Background information
- Also known as: IME
- Origin: Toronto, Ontario, Canada
- Genres: Alternative rock; funk rock; progressive rock; hard rock;
- Years active: 1990–2003, 2012–present
- Labels: Capitol (US); EMI Music Canada (Canada); Mercury; Universal;
- Members: Jagori Tanna Christian Tanna Edwin
- Past members: Bruce Gordon Brian Byrne Franz Masini

= I Mother Earth =

Canadian rock band

I Mother Earth, or IME, is a Canadian rock band. The band formed in 1990, reaching its peak popularity in the latter half of the 1990s. After an eight-year hiatus, it reunited in 2012. Between 1996 and 2016, they were among the top 150 best-selling Canadian artists and top 40 best-selling Canadian bands in Canada.

== History ==

=== Early years ===
The brother duo of drummer Christian and guitarist Jagori Tanna met vocalist Edwin at their shared rehearsal space in 1990. Edwin asked the brothers to form a band with him, and the three came together in 1991, taking on Franz Masini as a bass player. The band came up with the name IME, as in "I Am Me", but later decided the letters should stand for something. Jag Tanna ad-libbed the name I Mother Earth and has always insisted it has no special meaning. The band, represented by a professionally recorded five-song demo, played a mere thirteen shows over the next year. These were noted for their jam sessions, poetry readings, and murals painted in the background during the songs. At the end of the year, the band was in the middle of a bidding war between labels.

=== Success ===
In 1992, I Mother Earth signed to a co-venture deal brokered between Capitol Records (U.S.) and its Canadian affiliate, EMI Music Canada. The band travelled to Los Angeles in 1992 to record its debut album with former Guns N' Roses producer Mike Clink. During these sessions, Franz Masini was fired, leaving Jag Tanna to re-record the bass parts himself. At the completion of the album, Masini was replaced by Bruce Gordon, whose band Rocktopus was breaking up at that time. With the lineup solidified, the band underwent an intensive international tour to support its debut, Dig, in mid-1993. Considered an anomaly in the "alternative" era and often mistaken for heavy metal, the album combined traditional hard rock with grooves, extended jams, psychedelic lyrics, and the Latin-based percussion of Luis Conte and Armando Borg. Dig spawned four singles, three of which originated from IME's demo tape and were later included on the proper album. "Rain Will Fall", "Not Quite Sonic", and "Levitate" were released in 1993, and "So Gently We Go" was released in the summer of 1994. All four garnered radio and video airplay in Canada, as well as rotations in the U.S. and Europe. The latter two singles in particular charted well on Canadian rock radio. The Dig album won a Juno Award in 1994 for Best Hard Rock Album, beating out IME's childhood idols Rush for the award. This cemented a long relationship between the two bands, which started with IME opening for Rush the night after the Junos. By the end of the album's run, Dig was a Gold record in Canada.

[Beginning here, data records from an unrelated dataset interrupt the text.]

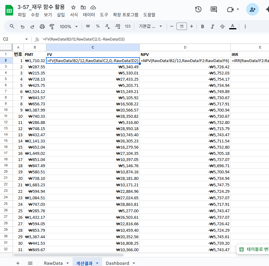 - pmt: 매 기간 내는 돈(적금). 내가 매달 저축하는 돈이라고 생각하면 돼요. (중요! 내 주머니에서 돈이 나가는 것이므로 보통 마이너스(-) 부호를 붙여 입력해요)
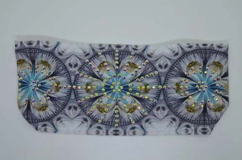 TRIPLE FLOWERS BLUE/NAVY STARBURST WITH IRIDESCENT RHINESTONES
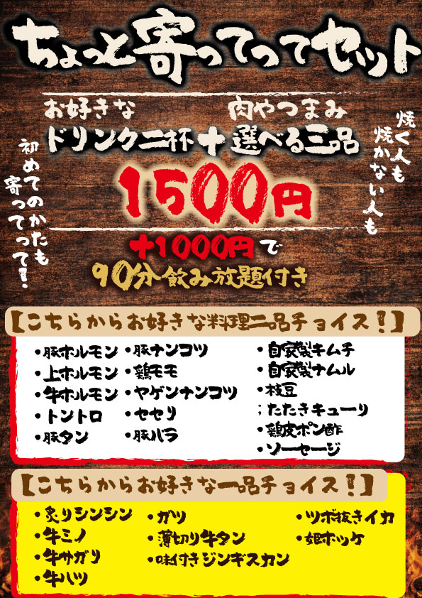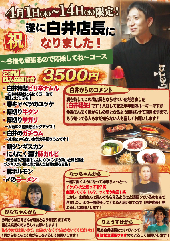 【4月1日~14日まで】白井店長になりました!コース! 【4月宴会】どこまでも『タン』で一緒に送り出す! WEBからのご予約はこちらから 飲み放題メニュー 【焼く人も焼かない人も、初めての方も】ちょっと寄ってってセット!ドリンク2杯+選べる3品
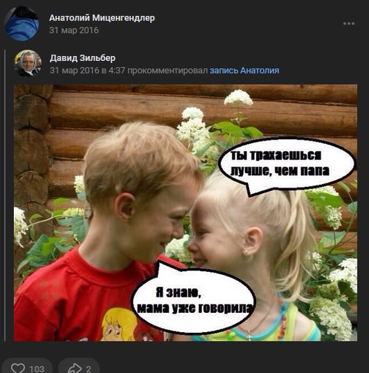 >>1121845 >>1121846 Короче в друзьях бабки еще много интересных людей. В форме. И дядя отчим дима есть, молодой и красивый для своих 39. Чмо толян в 33 года выглядит как говно, а тут мужчина эталонный прямо... Катюха до мозга костей конторская дама. А ты донать и воюй, тарасик, воюй, распадайся.
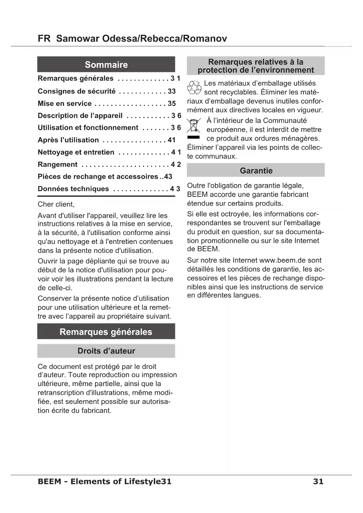 - Operating voltage 230 V~ Mains frequency 50-60 Hz Power consumption 1300 W + 500 W Teapot capacity 1.0 l 1.3 l 1.3 l Water tank capacity 3.0 l 5.0 l 5.0 l Protection class I Degree of protection IPX030 Samowar Odessa/Rebecca/Romanov EN BEEM - Elements of Lifestyle31 FR Samowar Odessa/Rebecca/Romanov BEEM - Elements of Lifestyle31 Cher client, Avant d'utiliser l'appareil, veuillez lire les instructions relatives à la mise en service, à la sécurité, à l'utilisation conforme ainsi qu'au nettoyage et à l'entretien contenues dans la présente notice d'utilisation. Ouvrir la page dépliante qui se trouve au début de la notice d'utilisation pour pou- voir voir les illustrations pendant la lecture de celle-ci. Conserver la présente notice d’utilisation pour une utilisation ultérieure et la remet- tre avec l’appareil au propriétaire suivant. Remarques générales Droits d’auteur Ce document est protégé par le droit d’auteur. Toute reproduction ou impression ultérieure, même partielle, ainsi que la retranscription d'illustrations, même modi- ée, est seulement possible sur autorisa- tion écrite du fabricant. Remarques relatives à la protection de l’environnement Les matériaux d’emballage utilisés sont recyclables. Éliminer les maté- riaux d’emballage devenus inutiles confor- mément aux directives locales en vigueur. À l’intérieur de la Communauté européenne, il est interdit de mettre ce produit aux ordures ménagères. Éliminer l’appareil via les points de collec- te communaux. Garantie Outre l'obligation de garantie légale, BEEM accorde une garantie fabricant étendue sur certains produits. Si elle est octroyée, les informations cor- respondantes se trouvent sur l'emballage du produit en question, sur sa documenta- tion promotionnelle ou sur le site Internet de BEEM. Sur notre site Internet www.beem.de sont détaillés les conditions de garantie, les ac- cessoires et les pièces de rechange dispo- nibles ainsi que les instructions de service en différentes langues. Remarques générales p. 31
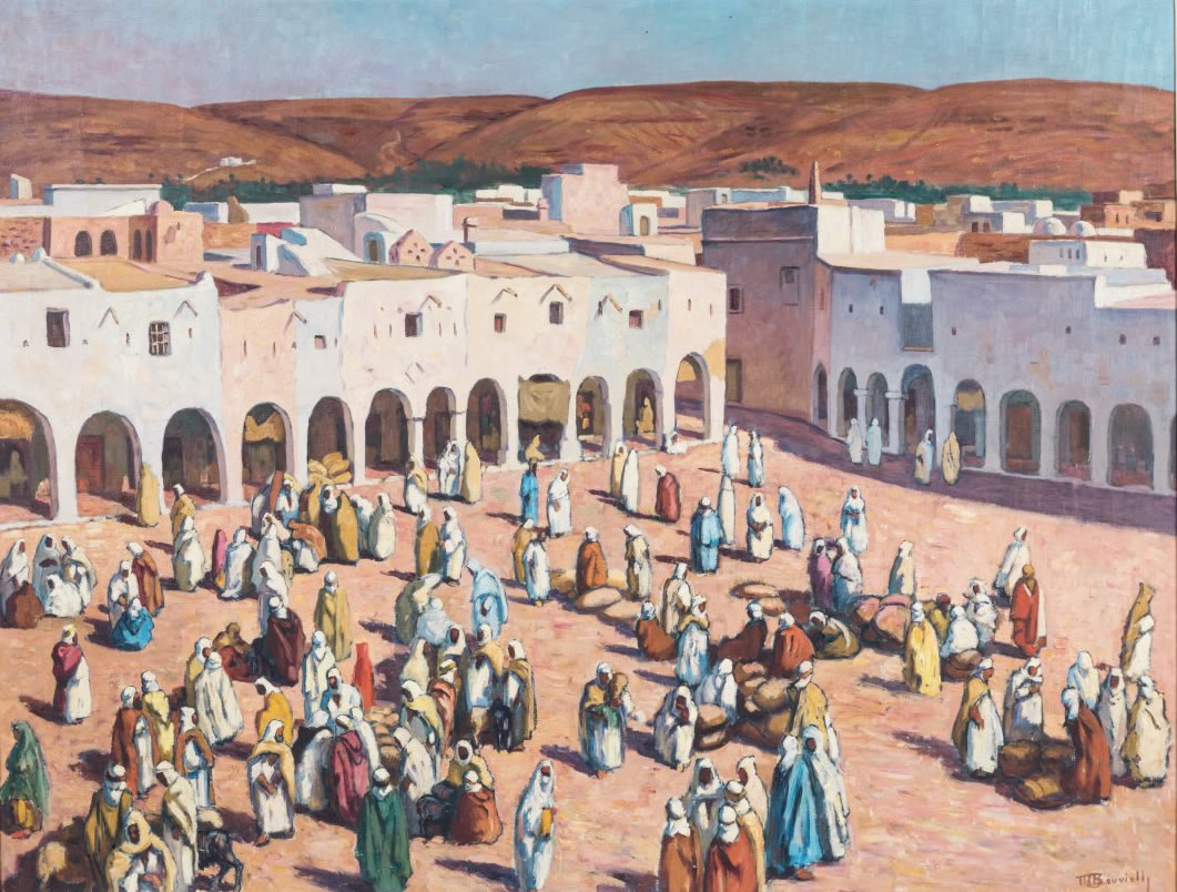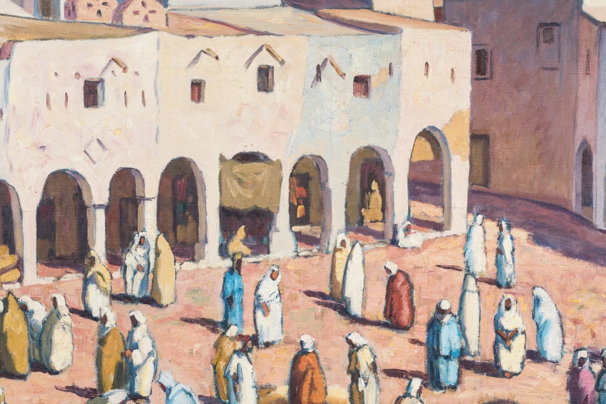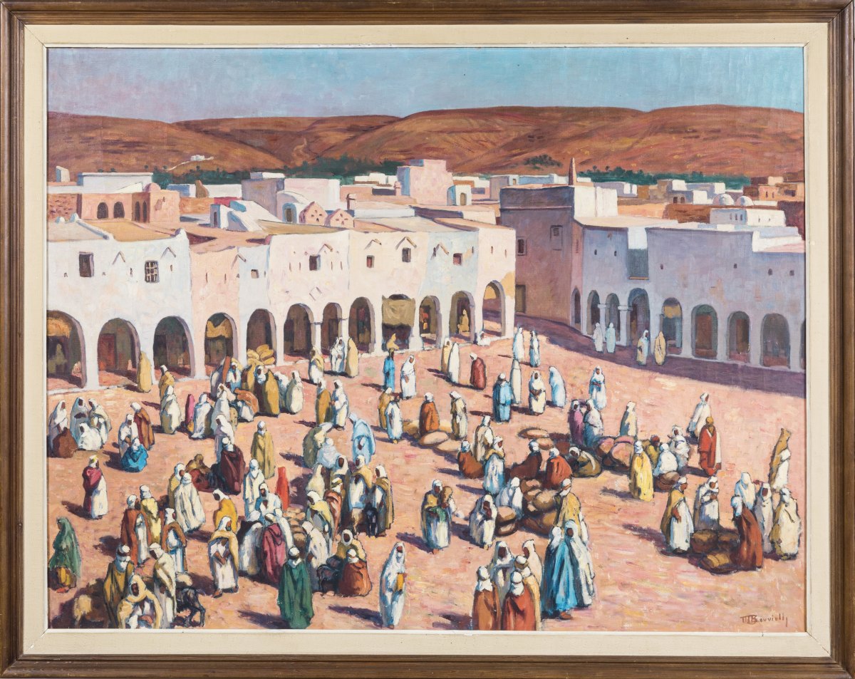 Maurice BOUVIOLLE (Beauvais, 1893 - Marseille, 1971)"Marché à Ghardaïa"Huile sur...
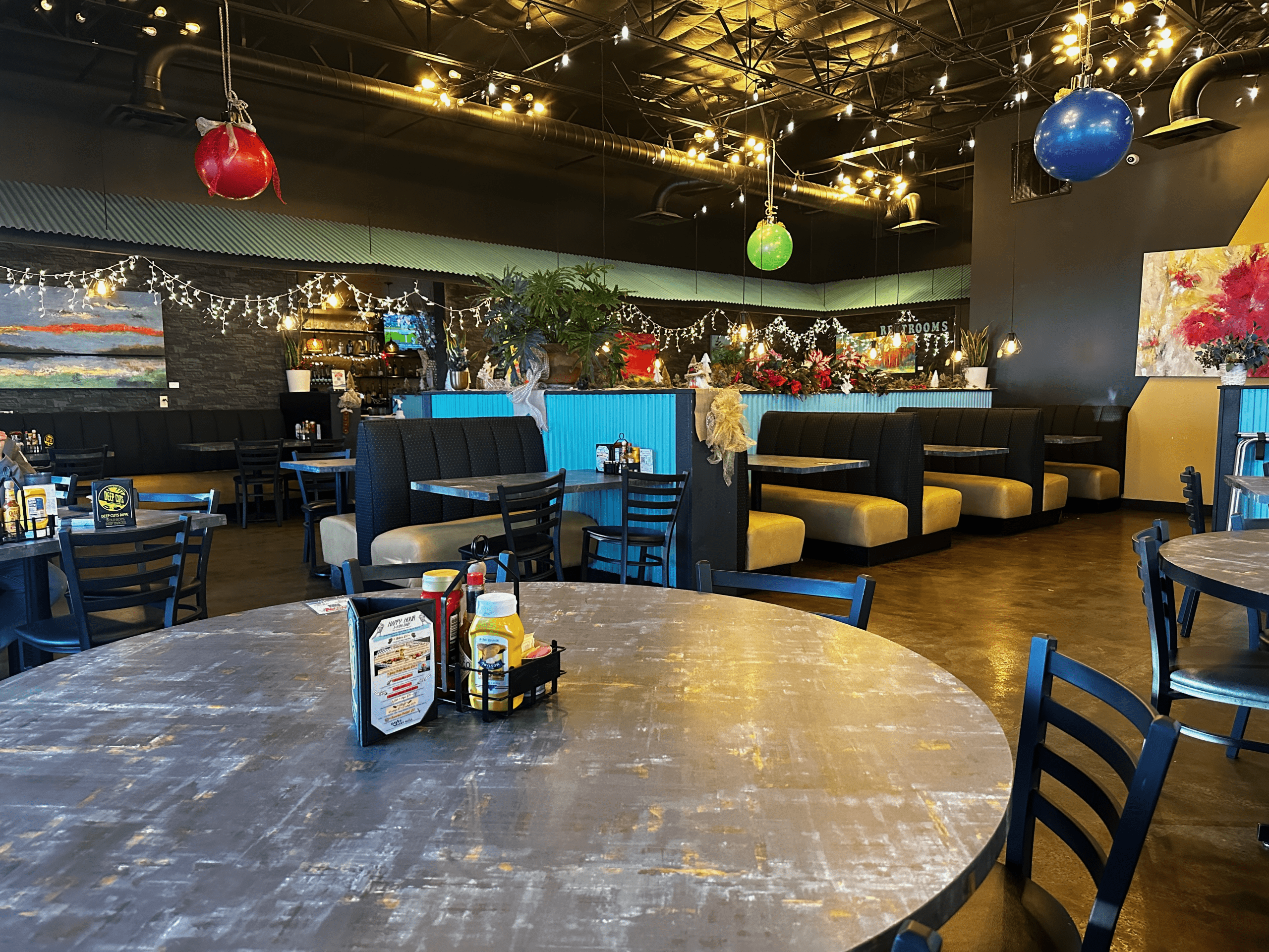 Dave’s Valley Grill is located in the corner spot previously occupied by Papaburgers which closed unexpectedly after the passing of its owner. Nary a vestige of the previous occupant remains. The metamorphosis is amazing. Gone is the wall which separated two distinct dining rooms. In their place is one colorful, cavernous room with tables and booths arrayed in close, but not personal space proximity to one another. The booths do offer some sense that there are two distinct dining rooms, but not as much as before. Gone are the sports posters and bric-a-brac of a fast food venue, replaced by unframed artwork.
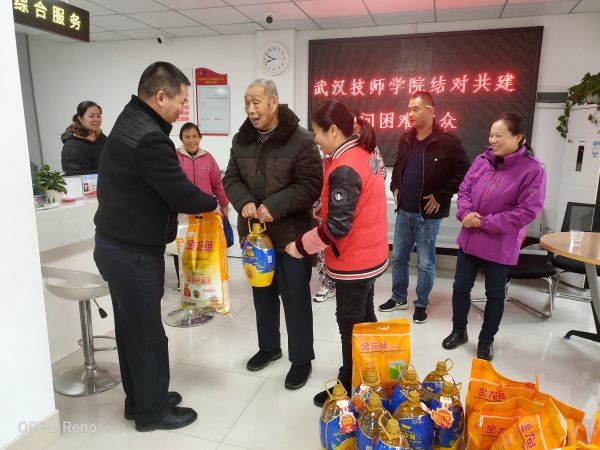 12月17日上午,黄金口社区共建单位武汉技师学院在职党员走进社区慰问了田爱珍、朱小玉、张建萍等10户困难家庭,为每户送上米、油慰问品,并鼓励他们勇敢面对生活困难,积极努力生活。(汪佩)
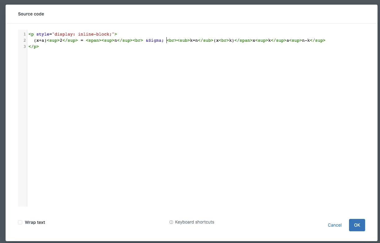 Does anyone know of a way to add a mathematical equation to an article without just inserting an image? See an example of what I'm talking about below.
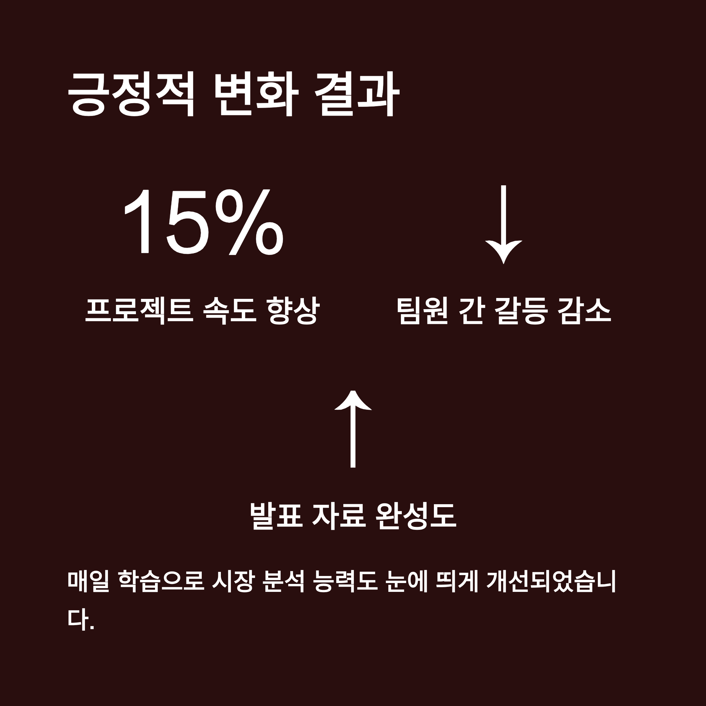 팀원 간 갈등이 현저히 줄어드는 결과가 있었습니다.
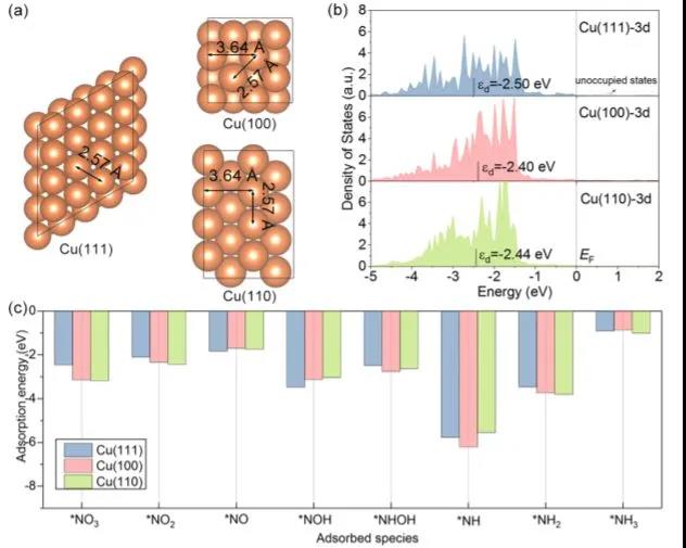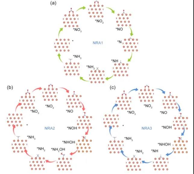 为了解决NRA铜催化剂的三个基本问题:发生在铜上的NRA途径、NRA与铜析氢反应(HER)之间的竞争关系和最适合NRA的Cu表面。苏州科技大学郭春显团队使用密度泛函理论(DFT)计算来确定中间体的自由能,并计算出NRA以及竞争性HER的自由能关系图。
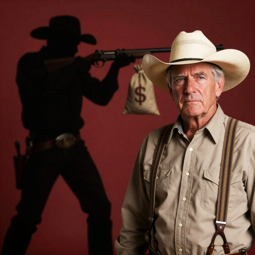 Photograph of an elderly man and a red-haired woman standing close together outdoors. Man in brown jacket, white cowboy hat, smiling. Woman in green scarf, smiling, leaning on man's shoulder. Background: large tree trunks, sunlight filtering through leaves. Both have warm, friendly expressions.
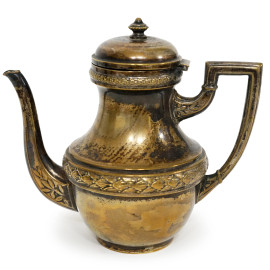 Lotto composto da 4 oggetti in metallo argentato, altezza max cm 17 (difetti e mancanze)
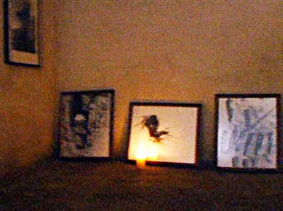 Quelques bougies sont posées ça et là, entre l'offrande
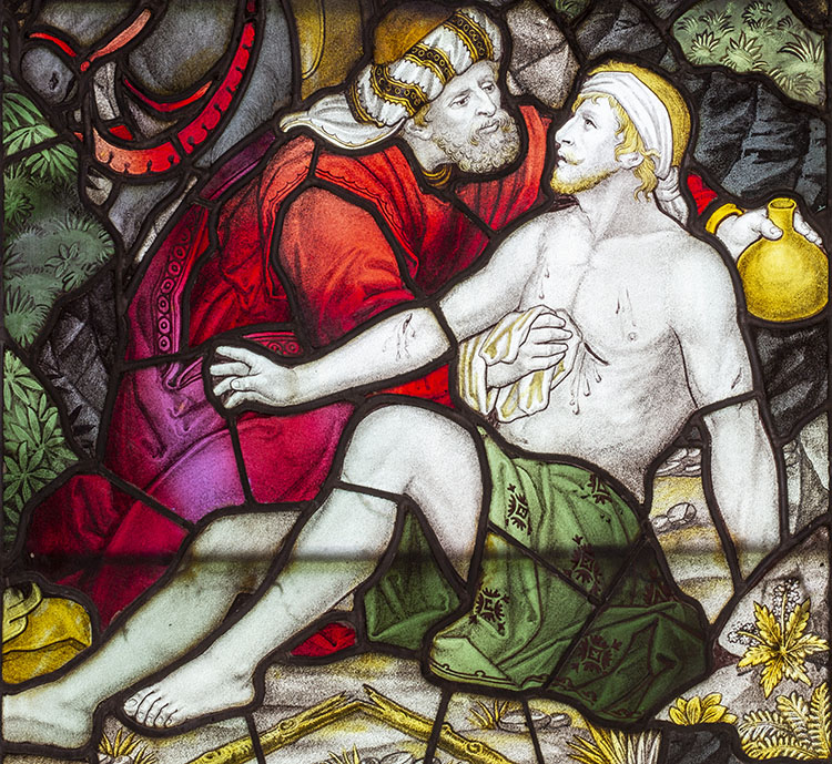 Lower Tier, Centre scene: Closer view of Samaritan and Traveller.
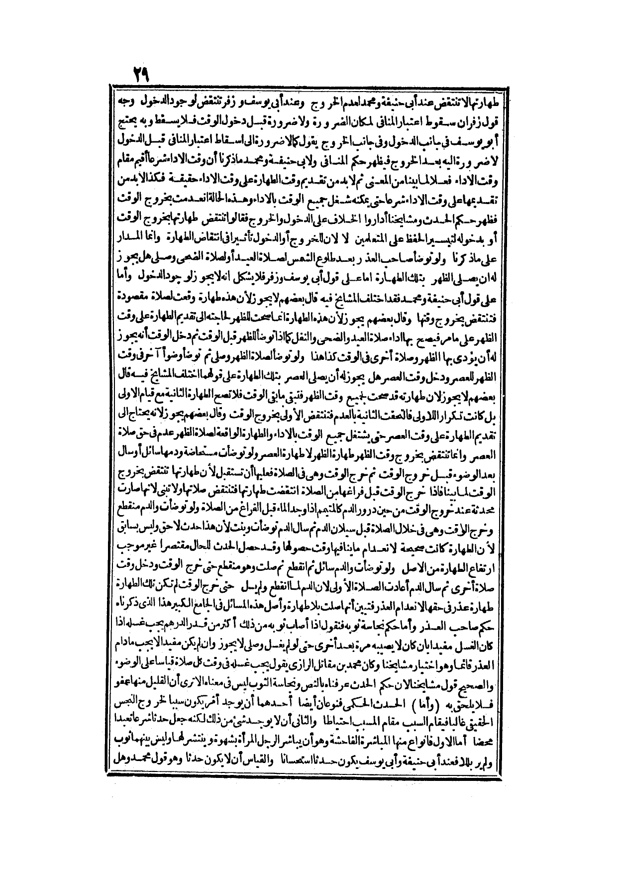 وَأَمَّا عَلَى قَوْلِ أَبِي حَنِيفَةَ، وَمُحَمَّدٍ فَقَدْ اخْتَلَفَ الْمَشَايِخُ فِيهِ قَالَ بَعْضُهُمْ: لَا يَجُوزُ، لِأَنَّ هَذِهِ طَهَارَةً وَقَعَتْ لِصَلَاةٍ مَقْصُودَةٍ فَتُنْتَقَضُ بِخُرُوجِ وَقْتِهَا.
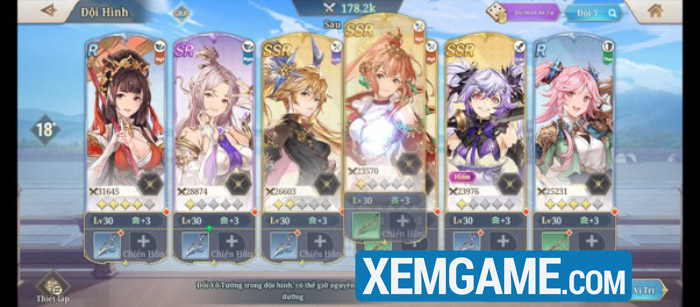 Một lối build thú vị khác là các đội hình “full nữ tướng”, vừa đẹp mắt vừa hiệu quả. Bạn có thể kết hợp Thái Văn Cơ hoặc Đại Kiều làm hồi máu, Bạch Lộc và Trương Tình Thái đảm nhiệm chống chịu, Lữ Linh Khởi hoặc Tôn Thượng Hương gây sát thương chính, trong khi Bộ Luyện Sư và Chân Cơ đảm nhận vai trò DPS phụ, hỗ trợ đánh lan kèm hiệu ứng khống chế. Các đội hình nữ thường rất đa dụng, dễ phối kỹ năng, đồng thời có khả năng phát triển lâu dài nếu biết đầu tư đúng hướng.

After the exhaustive touring ended, IME ended up in different studios in Toronto and Morin Heights, Quebec in the summer and fall of 1995. In these studios, the band worked on its second album, co-produced by Jag Tanna and Paul Northfield, who was most noted for producing Rush. Daniel Mansilla replaced Borg on percussion, and became the band's permanent touring percussionist. Rush guitarist Alex Lifeson also made a guest appearance on the song "Like a Girl". Signs of dissension in the band were already showing. For the first time, Edwin revealed to the music press that he had no creative control in the band and that such a situation gave him "no reason to be (t)here". He had also spent a great deal of the sessions away from the band, recording the album Victor with Lifeson. Still, he remained with IME as the group recorded Scenery and Fish, released in April 1996. The album, which combined IME's trademark sounds with a slightly softer, radio-friendly approach, was a critical and commercial success. In particular, the singles "One More Astronaut" and "Another Sunday" pushed the band into the commercial elite in Canada, the former cracking the Top 20 on the Billboard Mainstream Rock Chart in the U.S. Subsequent singles "Used to Be Alright" and "Raspberry" also received frequent airplay on radio and video. In 1997, IME was nominated for a Juno Award for Group of the Year. The album was nominated for the Best Rock Album Juno, and was certified Double Platinum in Canada. The band's newfound fame also pushed sales of Dig over the Platinum record mark of 100,000 units.

=== Transition period ===
In April 1997, IME's management company announced that Edwin would be leaving the band. From that point on, the band mentioned that Jag Tanna wrote the majority of its music (during jams with his brother and Gordon), that Chris Tanna wrote all of the lyrics, and that Edwin had no control whatsoever. This and musical differences prompted the vocalist to leave. Citing unmanageable tension, the band and Edwin mutually agreed to part ways. The remaining members insisted that they would carry on under the I Mother Earth name, and announced they would be searching for a new lead singer. IME also publicly criticized a show by Franz Masini's new band, which was advertised as "featuring members of I Mother Earth", as a blow to its own name and image. Edwin fulfilled all his contractual obligations with the band, including the Edgefest '97 tour, and left in mid-1997. IME itself ended up in disputes with both EMI and the band's management (Capitol had inexplicably dropped the band prior), and subsequently broke ties with both after their recording contract expired in December 1996.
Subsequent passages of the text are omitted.